▸ Dataset content

━━━━━━━━━━━━━━━━━━━━

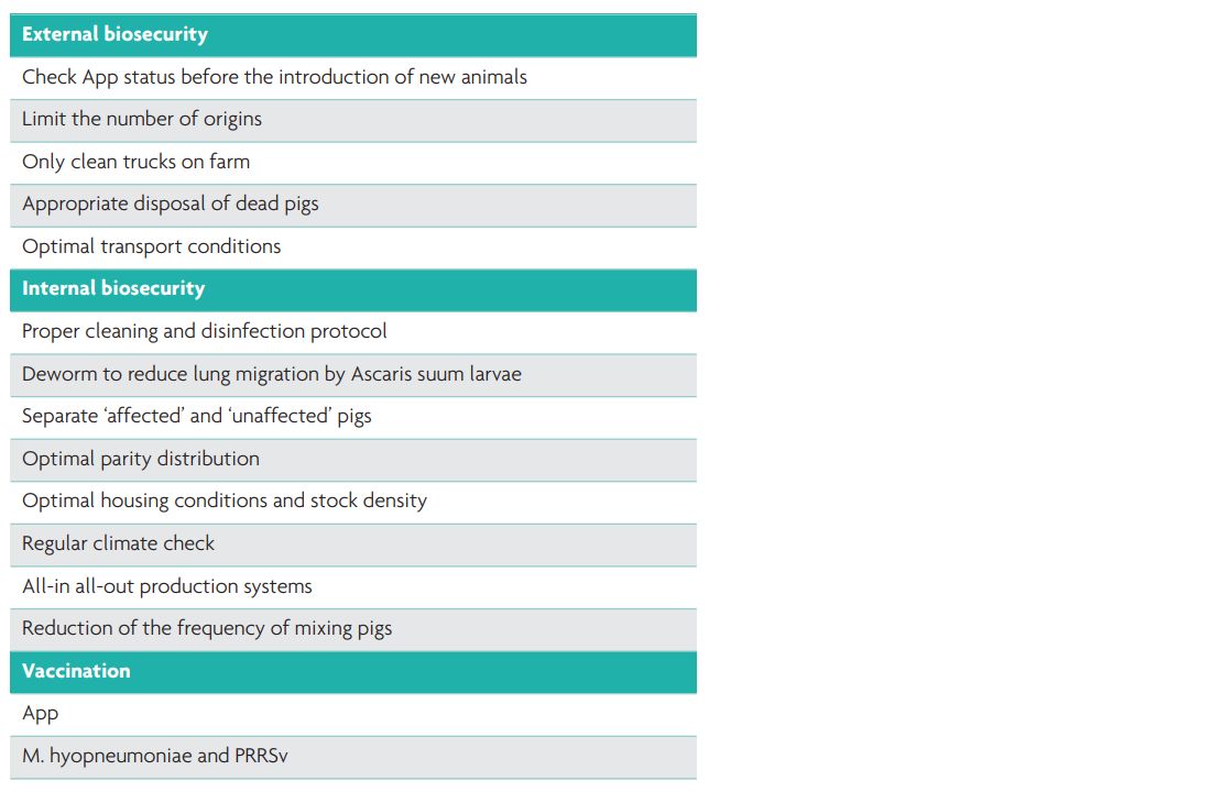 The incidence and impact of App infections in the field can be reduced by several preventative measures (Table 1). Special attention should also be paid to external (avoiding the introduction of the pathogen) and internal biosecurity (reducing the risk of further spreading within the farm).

━━━━━━━━━━━━━━━━━━━━

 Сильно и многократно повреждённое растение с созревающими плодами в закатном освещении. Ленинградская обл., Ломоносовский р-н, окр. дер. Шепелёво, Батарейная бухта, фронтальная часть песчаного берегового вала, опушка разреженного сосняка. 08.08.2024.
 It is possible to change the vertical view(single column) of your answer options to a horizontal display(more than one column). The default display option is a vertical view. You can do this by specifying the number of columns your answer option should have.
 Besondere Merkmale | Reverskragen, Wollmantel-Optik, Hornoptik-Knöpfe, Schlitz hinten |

━━━━━━━━━━━━━━━━━━━━

▸ Exercise prompt
Reproduce exactly, and only, the part of the listing above that begins at the line with "Сильно и многократно" and goes on through the line with "It is possible".

▸ Exercise response
 Сильно и многократно повреждённое растение с созревающими плодами в закатном освещении. Ленинградская обл., Ломоносовский р-н, окр. дер. Шепелёво, Батарейная бухта, фронтальная часть песчаного берегового вала, опушка разреженного сосняка. 08.08.2024.
 It is possible to change the vertical view(single column) of your answer options to a horizontal display(more than one column). The default display option is a vertical view. You can do this by specifying the number of columns your answer option should have.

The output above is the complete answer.